Zudem sieht der Rottacher Bürgermeister auch ein großes Problem bei der technischen Umsetzung. Der Gemeinderatssaal sei sowieso schon seit langem ein Sorgenkind der Gemeinde. Wenn der jetzt noch an die technische Neuerung angepasst werden müsse, „dann Gnade uns Gott“.
Insgesamt schätzt die Mehrheit des Gemeinderates das Interesse der Bürger an den Sitzungen überhaupt als sehr gering ein. Dabei nahmen sie auch wieder Bezug auf die Zahlen aus Pfaffenhofen: “Bei 24.000 Einwohnern schauen sich den Livestream in der Spitze nur 800 Leute an”, erklärte der zweite Bürgermeister Hermann Ulbricht (FWG).
Das mangelnde Interesse sehe man vor allem aber auch daran, dass zu den Sitzungen in Rottach meist nur wenige Zuschauer kommen würden. Dementsprechend wurde der Antrag Gohlkes dann auch einstimmig abgelehnt.
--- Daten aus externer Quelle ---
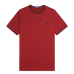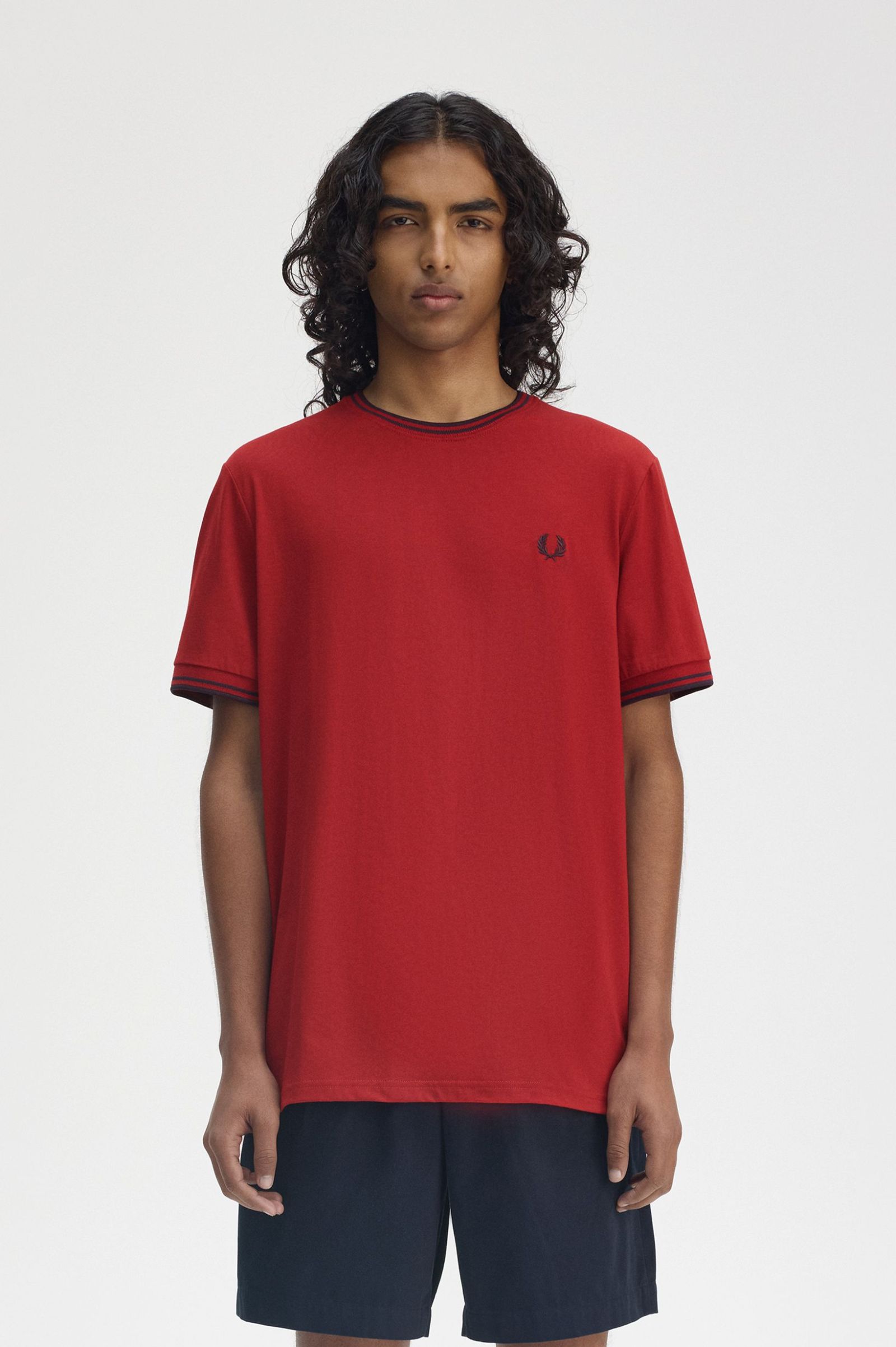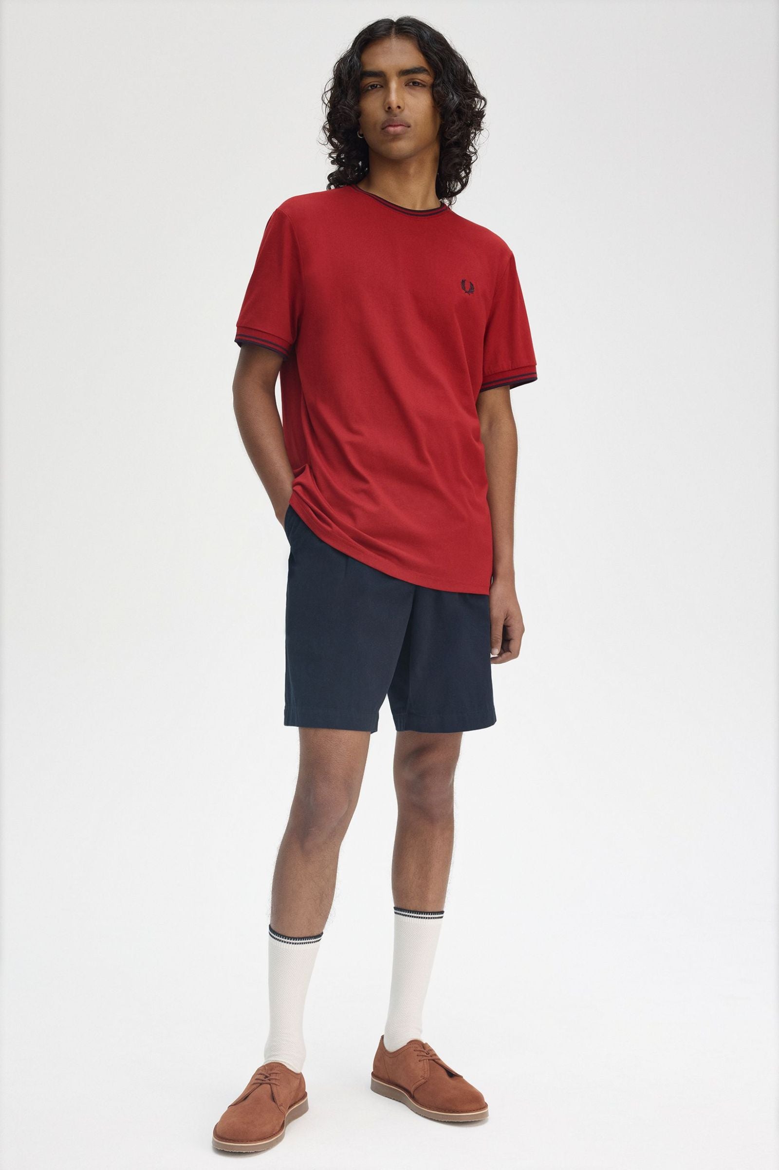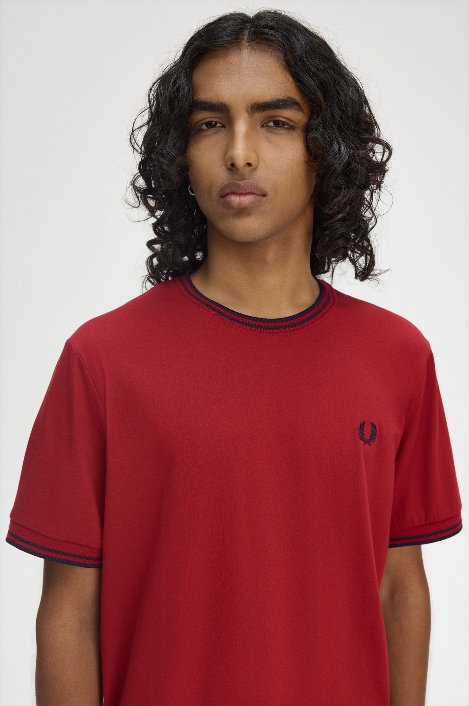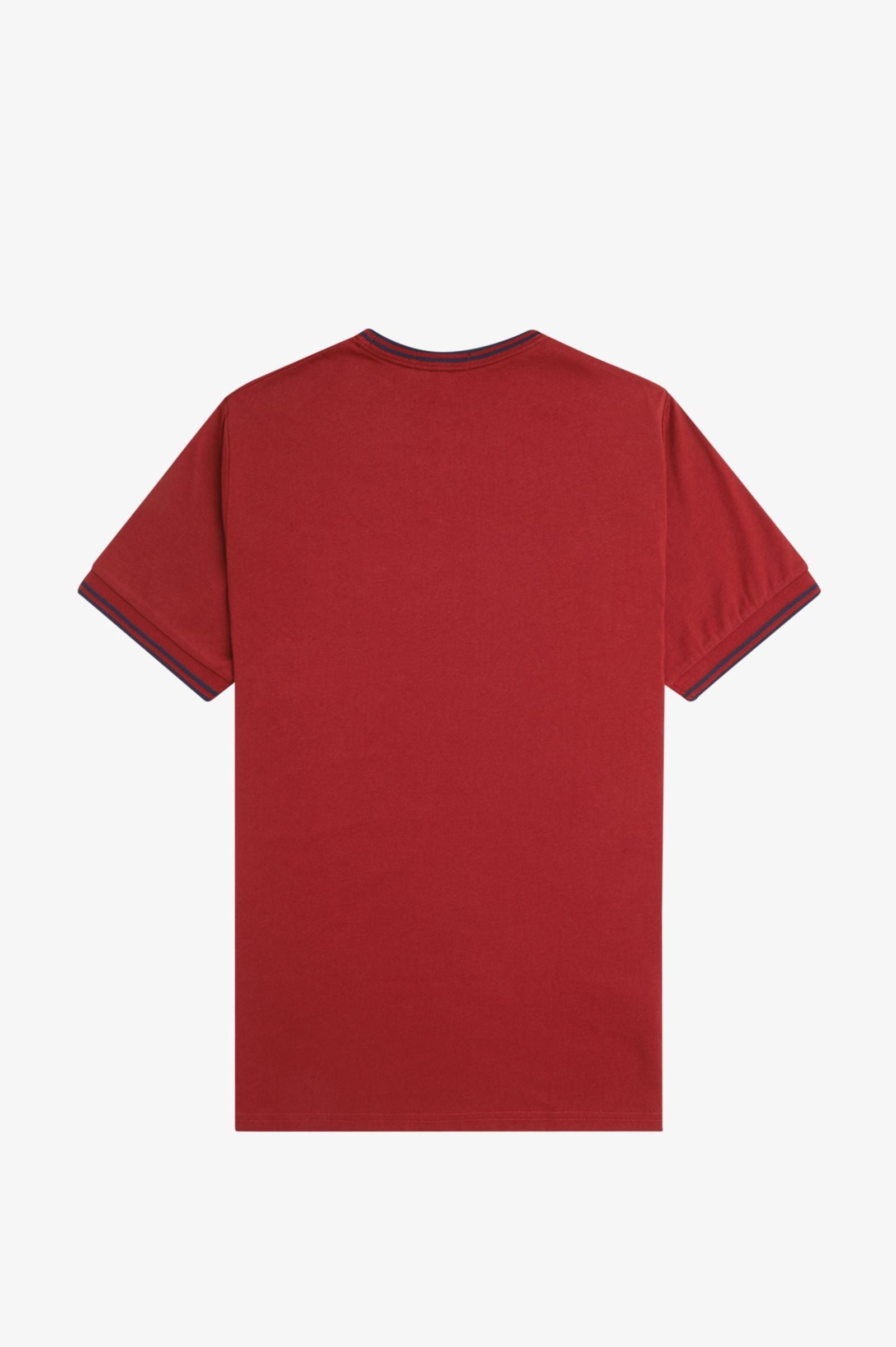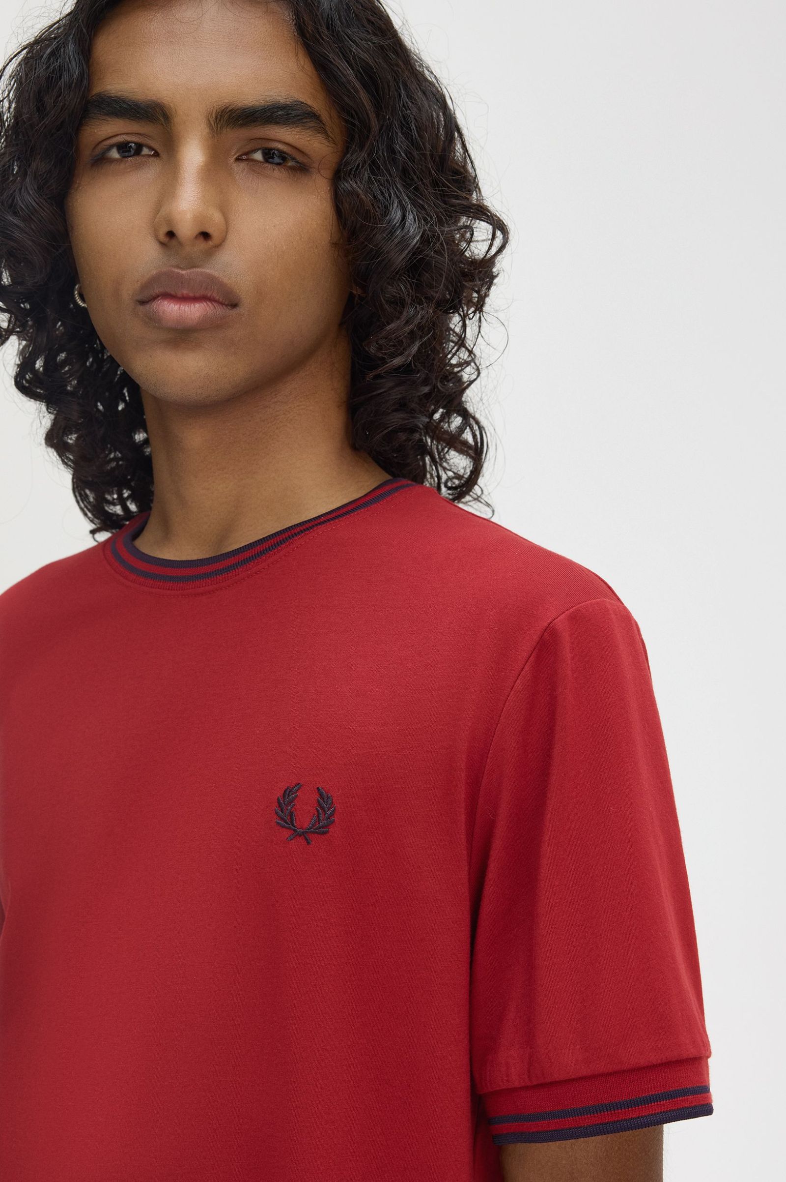 FRED PERRY – T-Shirt mit Doppelstreifen in Hellbraun/Marineblau

Kompromissvorschlag mit 9:9 abgelehnt
Als Kompromissvorschlag schlug Ulbricht dann jedoch vor, eine andere Maßnahme aus Pfaffenhofen zu übernehmen. „Die stellen nämlich zu der Sitzungseinladung auch die umfassenden Informationen zur Verfügung, die bei uns nur die Gemeinderäte vorabbekommen“, so Ulbricht.
Eine Lösung, die im Gemeinderat durchaus mehr Anklang fand. Doch Christian Köck (CSU) sprach sich dagegen aus. „Ich will nicht dass Themen schon totgeredet werden, bevor die hier überhaupt beschlossen wurden“, so Köcks Überzeugung, der gleichzeitig die Beweggründe für seine grundsätzliche Ablehnung von Transparenz aufzeigte:
Heutzutage gibt es immer den Wahn alles transparent zu machen und zwar mit Gewalt. Ich finde nicht, dass wir dem immer folgen sollten. Wer sich wirklich informieren will, der hat auch jetzt schon ausreichend Möglichkeiten
Was genau Köck mit seinem Argument meint, ist dagegen offen. Zumindest die skizzierte Möglichkeit sich als Bürger vorab umfassend zu informieren, stellt sich heutzutage als schwierig bis unmöglich dar. Anfragen an die Gemeinde zu den Tagesordnungspunkten der nächsten Gemeinderatssitzung werden gerne mit dem Hinweis “Das wird alles in der nächsten Sitzung besprochen” abgetan.
Die anschließende Abstimmung spiegelte jedoch auch die unterschiedlichen Meinungen der Räte zu dem kontroversen Thema wider. Der Antrag wurde mit einem Stimmenverhältnis von neun zu neun abgelehnt.